> [Required action] All lines in the records below from the line with "Исследуйте мир с" through the line with "把蔬菜曬一曬,是保存蔬菜的一" are to be given again exactly, both ends included; the pictures are to be left out.

####################

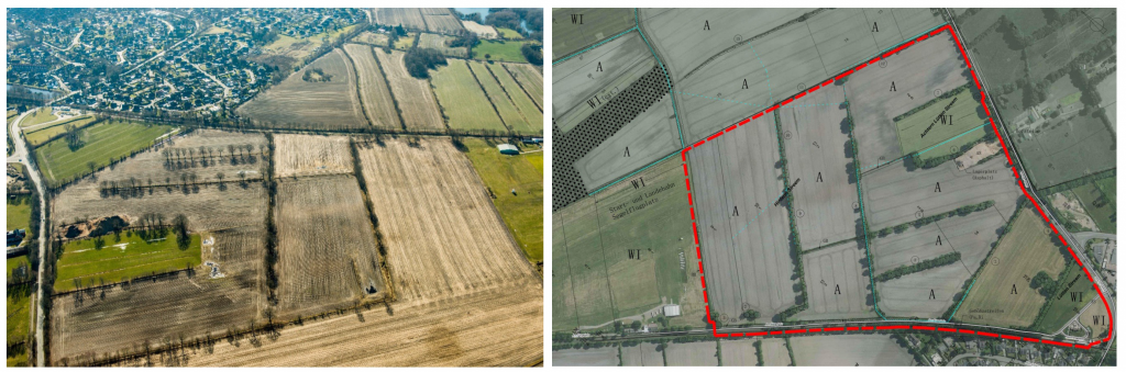 Plangebiet (links die Kieler Straße/Foto Herr Maaß, Wahlstedt)
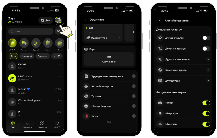 3. "Апп-ын тохиргоо" хэсэгт дараах дуудлагын тохиргоог хийх эсэхийг хэрэглэгч шийднэ.
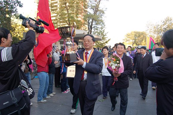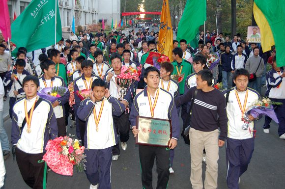 庆祝仪式结束以后,全体足球队员在师生员工和球迷的簇拥下从主楼步行至体育馆北侧,返回驻地,进行休整,据悉,11月25日左右,我校足球队将与文体界明星足球队参加在广西柳州市举行的义赛,为希望工程筹款。12月初,我校足球队还将赴日本参加中、朝、日、韩四国大学生足球邀请赛。
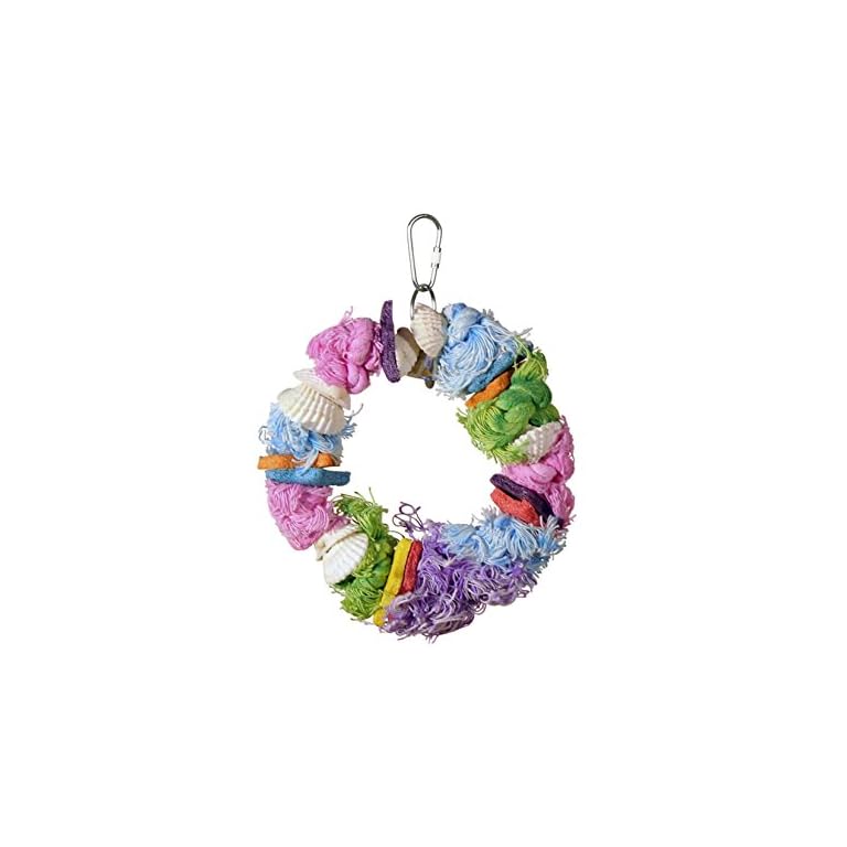 Super Bird Creations SB1107 Bagel Cascade Bird Toy, Large Bird Size, Refillable Bagels, 15” x 4.5”
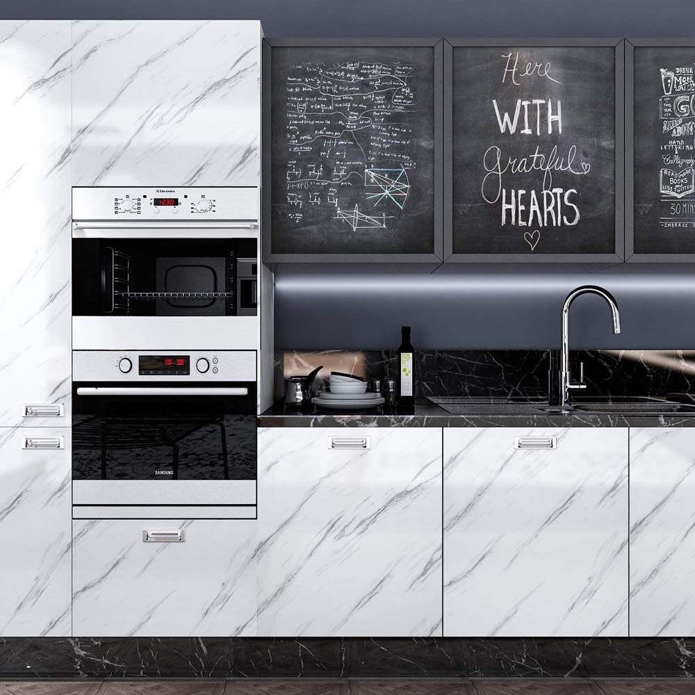 Yenhome Jazz White Marble 60*300cm Wallpaper Contact Paper for Countertops Peel and Stick Wallpaper for Furniture Renovation Kitchen Cabinets Shelf Liner Adhesive Contact Paper Waterproof Home Decorat
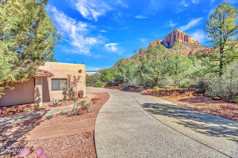 Listing details for 88 Chapel Rd, Sedona, AZ 86336 : Elephant Rock. Not a peek. Not a sliver. A full-frame, red-rock backdrop from your own massive outdoor deck complete with hot tub, sunset glow, & enough space to host everyone! This is single-level Sedona living done right. The main residence offers 3 bedrooms and 3 baths, all on one level. Easy flow. No stairs. Clean lines. Open living spaces that lead directly to that oversized deck because in Sedona, the view is the real square footage. Mornings start with coffee and red rock light.Evenings end in the hot tub under desert stars. And then there's the bonus. An attached apartment with its own entrance, kitchenette, living room, bedroom, and bath. Ideal for long-term guests, caregiver, or a long term tenant who helps offset your ownership costs. Live comfortably in the main home & let the apartment work for you. Smart, flexible, future-proof. Located in Mystic Hills, you also gain access to the community rec center, pool and spa, tennis, pickleball, and fitness room. Plus you're steps to some of Sedona's best hiking and mountain biking trails--because the lifestyle isn't optional here, it's built in.Yes, the home sits on Chapel Road.No, it doesn't feel like it.Set back off the road and surrounded by mature trees, it offers privacy that surprises you the moment you arrive.Super location.
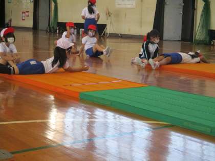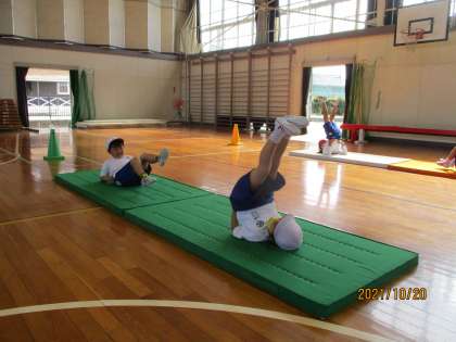 運動会が終わって、体育はマット運動になりました。丸太まわり、ゆりかご、アンテナなどいろいろなマット遊びを行いました。
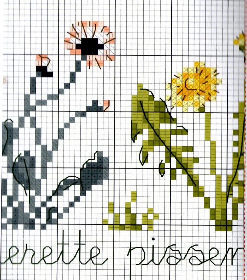 Вышивают нитью в четыре сложения. При этом один крестик вышивается на двух клетках ткани. На схеме имеются пунктирные линии, это контур, его нужно вышить светло-коричневой ниткой в два сложения строчным швом.
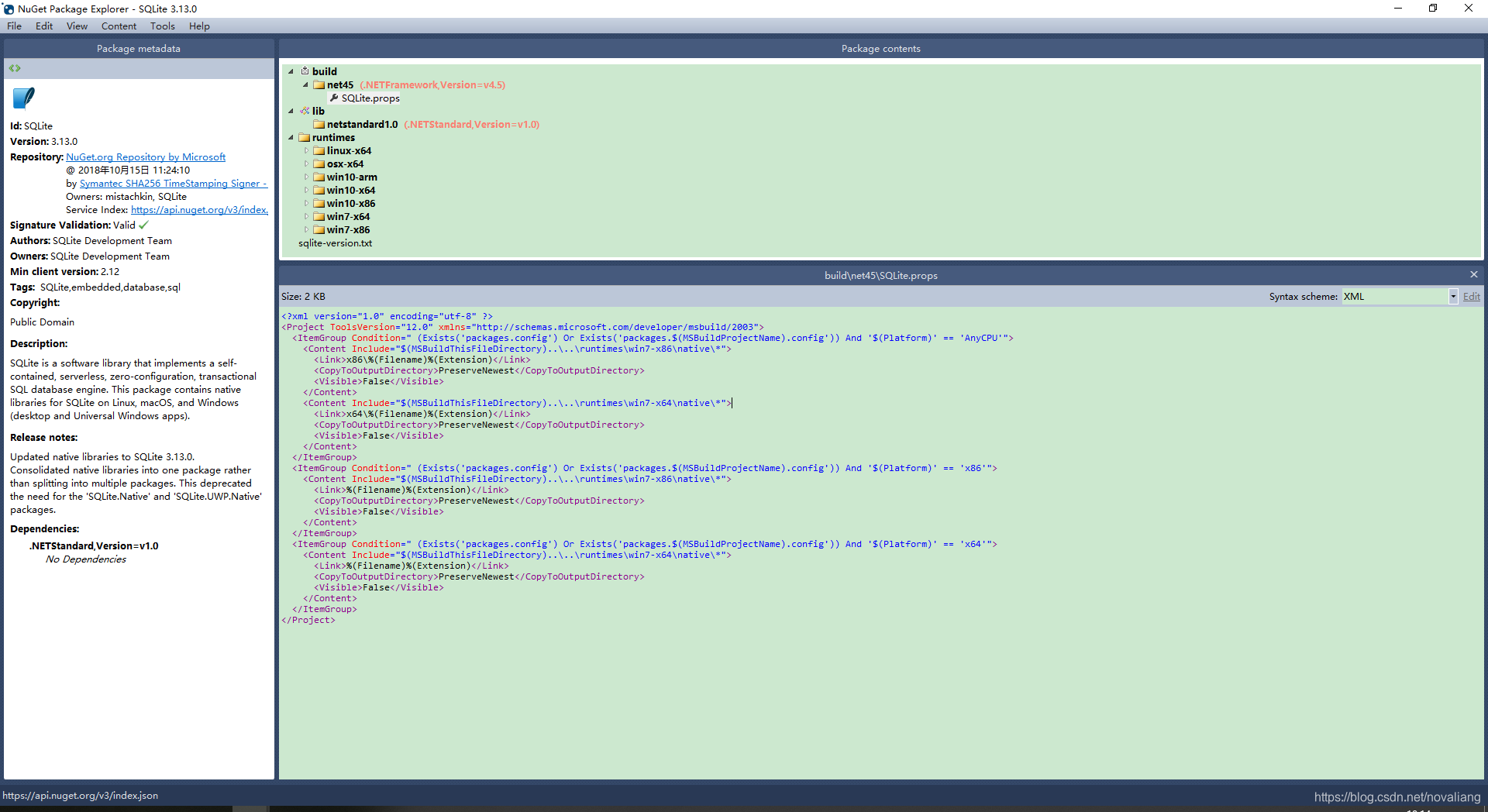 接下来我们重点说一下这两个文件的内容,在上述示例中,sqlite创建的是一个 props ,因为在项目构建的时候,需要导入的 dll 是必须存在的,否则会提示找不到文件。
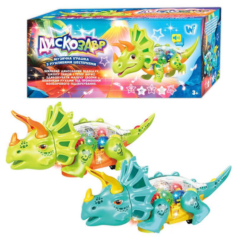 Исследуйте мир с Трицератопсом! Предлагаем вам увлекательную игрушку – яркого Трицератопса от "WToys", который не только развеселит вашего ребенка, но и поспособствует развитию важных навыков. Эта чудесная игрушка станет незаменимым компаньоном в игре, ведь её удивительный дизайн с прозрачным корпусом позволяет наблюдать за цветными шестернями, которые вращаются под ритмичную украинскую песенку. Трицератопс подсвечивается, создавая неповторимую атмосферу в комнате, а его движения привлекают внимание малышей. Игрушка имеет колесо свободного хода, что делает игру еще более динамичной и интересной. Особенности: - Яркое подсвечивание для создания сказочной атмосферы; - Веселая песенка на украинском языке, добавляющая эмоций; - Движущиеся шестерни, видимые через прозрачный корпус; - Колесо свободного хода для легкого передвижения; - Работает от 3-х батареек типа “АА” (батарейки не входят в комплект).
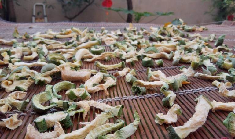 把蔬菜曬一曬,是保存蔬菜的一種方式,由于失去了水分,放1~2年都不會壞,等到冬天拿出來,就不愁沒菜吃了,尤其是燜肉吃特別香。干巴巴的干菜吸收了肥肉的油脂,變得特別豐潤,比肉還要好吃。
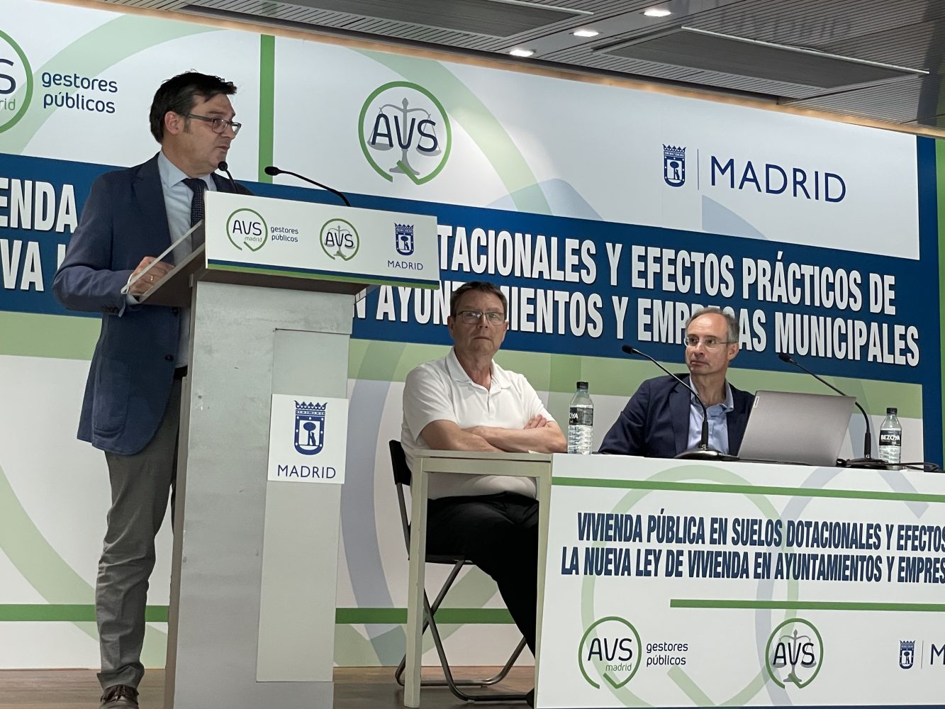 El delegado de Políticas de Vivienda y presidente de la Empresa Municipal de la Vivienda y Suelo (EMVS), Álvaro González, ha clausurado hoy la jornada sobre ‘Vivienda pública en suelos dotacionales y efectos prácticos de la nueva Ley de Vivienda en ayuntamientos y empresas municipales’, organizada por la Asociación de Gestores Públicos de Vivienda y Suelo (AVS), de la que forma parte la empresa pública madrileña.
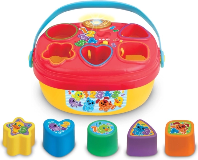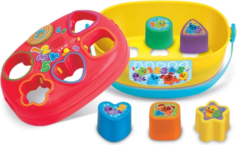 Objavte farebný triedič tvarov s melódiami, blikajúcim svetielkom a kockami rôznych tvarov, ktoré dieťa vkladá do správnych otvorov. Za správne vloženie je odmenené veselými zvukmi a zvukmi zvieratiek. Hračka má praktické madlo na ľahké prenášanie a odnímateľné veko na rýchle vybratie kociek a nové kolo zábavy. Hudobné prvky podporujú rozvoj sluchu a podnecujú zmyslové vnímanie.
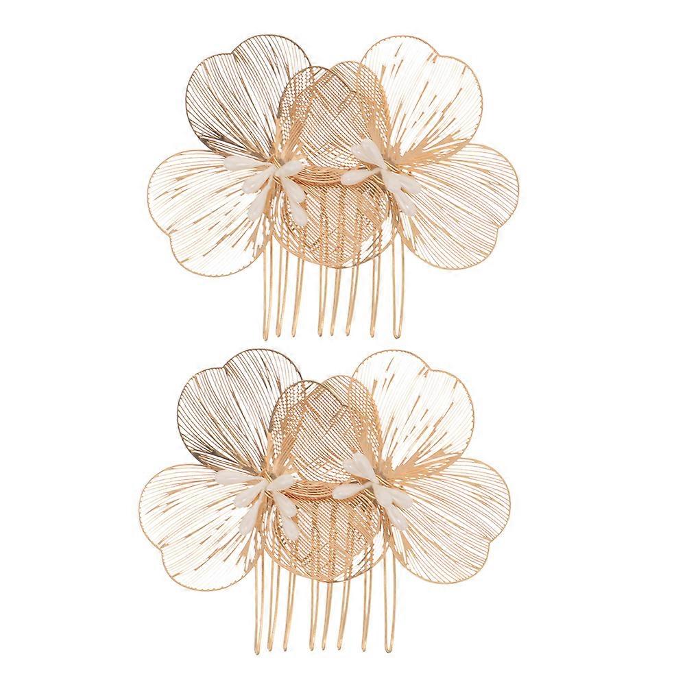 Golden Flower Hair Comb for Bridal Headpiece 2Pcs Elegant Wedding Hairpins
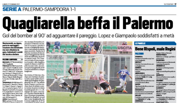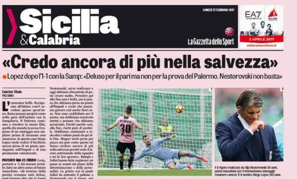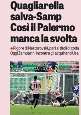 "L’ennesima beffa. Recuperato all’ultimo com’è accaduto spesso quest’anno. Basta pensare proprio come nella gara dell’andata con la Sampdoria. Il Palermo...
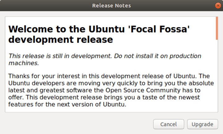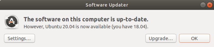 - The upgrade process can be done using the Ubuntu update manager or on the command line. The Ubuntu update manager will start showing a prompt for an upgrade to 20.04 once the first dot release of Ubuntu 20.04 LTS (i.e. 20.04.1) is released. The typical timeframe for this is around three months after the official release.
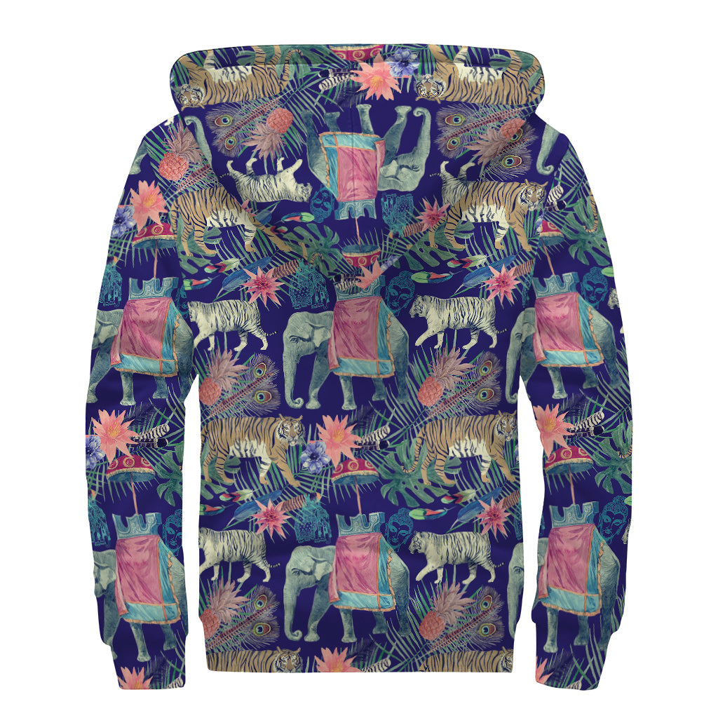 This Sherpa Lined Zip Up Hoodie is a perfect addition to any hippie's wardrobe. Featuring a unique Asian elephant and tiger print, this hoodie exudes a sense of adventure and connection to nature. The cozy Sherpa lining will keep you warm and comfortable during those chilly nights around the campfire or at music festivals. The zip-up design makes it easy to layer over your favorite tie-dye shirt or boho dress. Embrace your free spirit and bohemian style with this hippie-inspired hoodie.
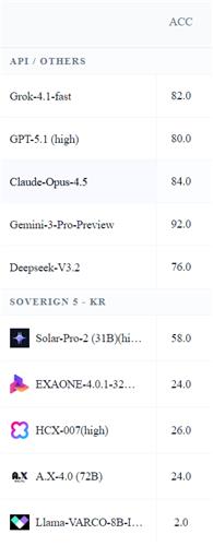 해외 모델에는 GPT-5.1, 제미니 3 프로 프리뷰, 클라우드 오푸스 4.5, 그록 4.1 패스트, 딥시크 V3.2 등이 활용됐다.
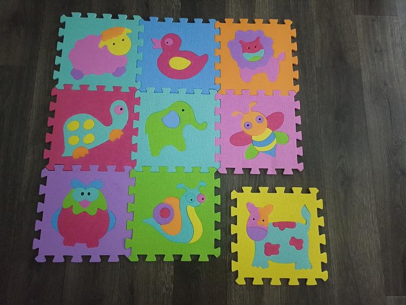 Коврик в идеальном состоянии, без повреждений и следов использования. Всего 9 элементов. Размер одного пазла: 30 х 30 см, толщина: 0,8-0.9 см.
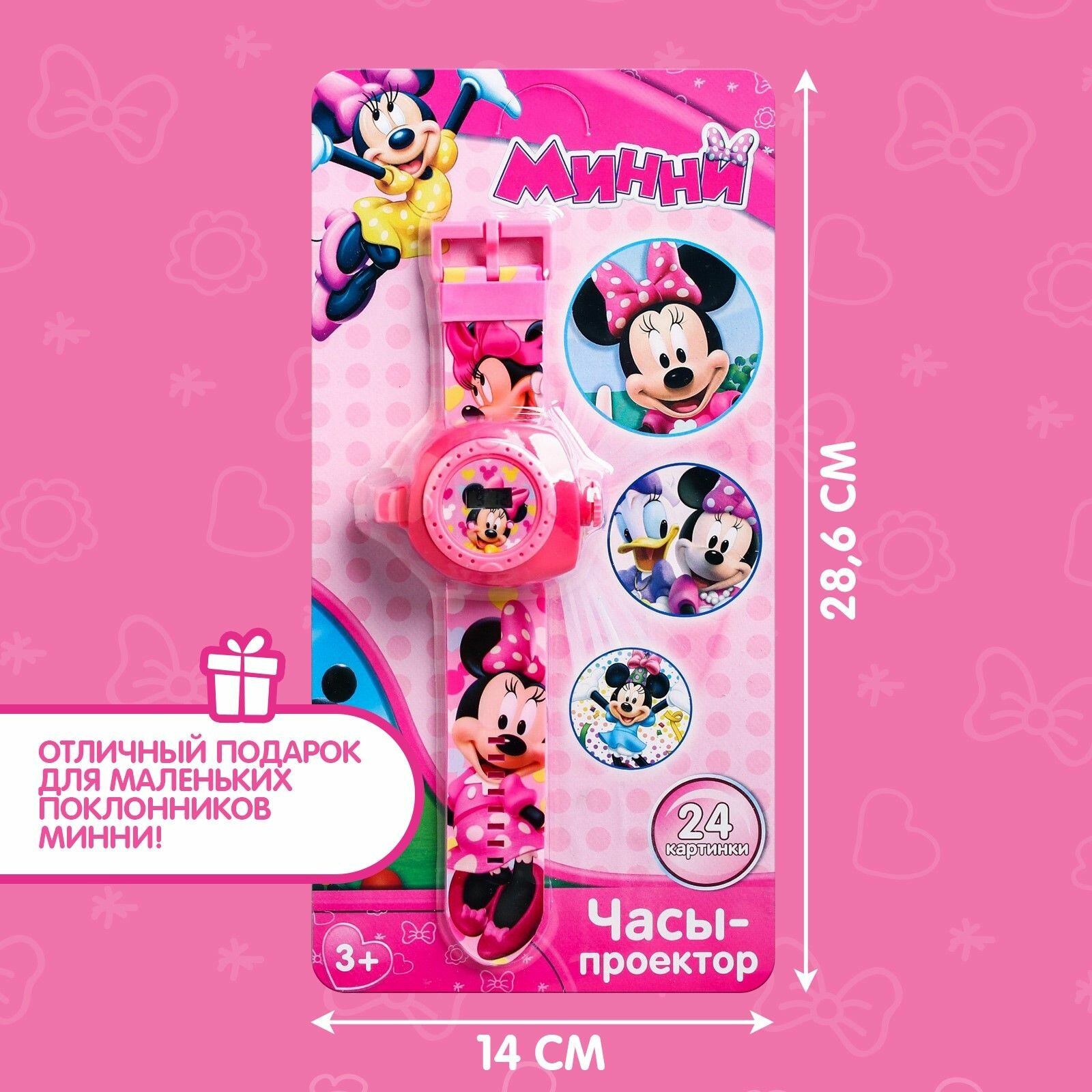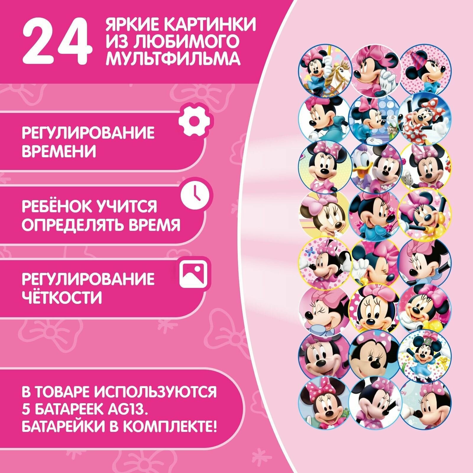Часы детские Disney Минни Маус, наручные, часы проектор, для девочек, от 3 лет, 24 картинки, розовые информация:

####################

> [Answer box]
 Исследуйте мир с Трицератопсом! Предлагаем вам увлекательную игрушку – яркого Трицератопса от "WToys", который не только развеселит вашего ребенка, но и поспособствует развитию важных навыков. Эта чудесная игрушка станет незаменимым компаньоном в игре, ведь её удивительный дизайн с прозрачным корпусом позволяет наблюдать за цветными шестернями, которые вращаются под ритмичную украинскую песенку. Трицератопс подсвечивается, создавая неповторимую атмосферу в комнате, а его движения привлекают внимание малышей. Игрушка имеет колесо свободного хода, что делает игру еще более динамичной и интересной. Особенности: - Яркое подсвечивание для создания сказочной атмосферы; - Веселая песенка на украинском языке, добавляющая эмоций; - Движущиеся шестерни, видимые через прозрачный корпус; - Колесо свободного хода для легкого передвижения; - Работает от 3-х батареек типа “АА” (батарейки не входят в комплект).
 把蔬菜曬一曬,是保存蔬菜的一種方式,由于失去了水分,放1~2年都不會壞,等到冬天拿出來,就不愁沒菜吃了,尤其是燜肉吃特別香。干巴巴的干菜吸收了肥肉的油脂,變得特別豐潤,比肉還要好吃。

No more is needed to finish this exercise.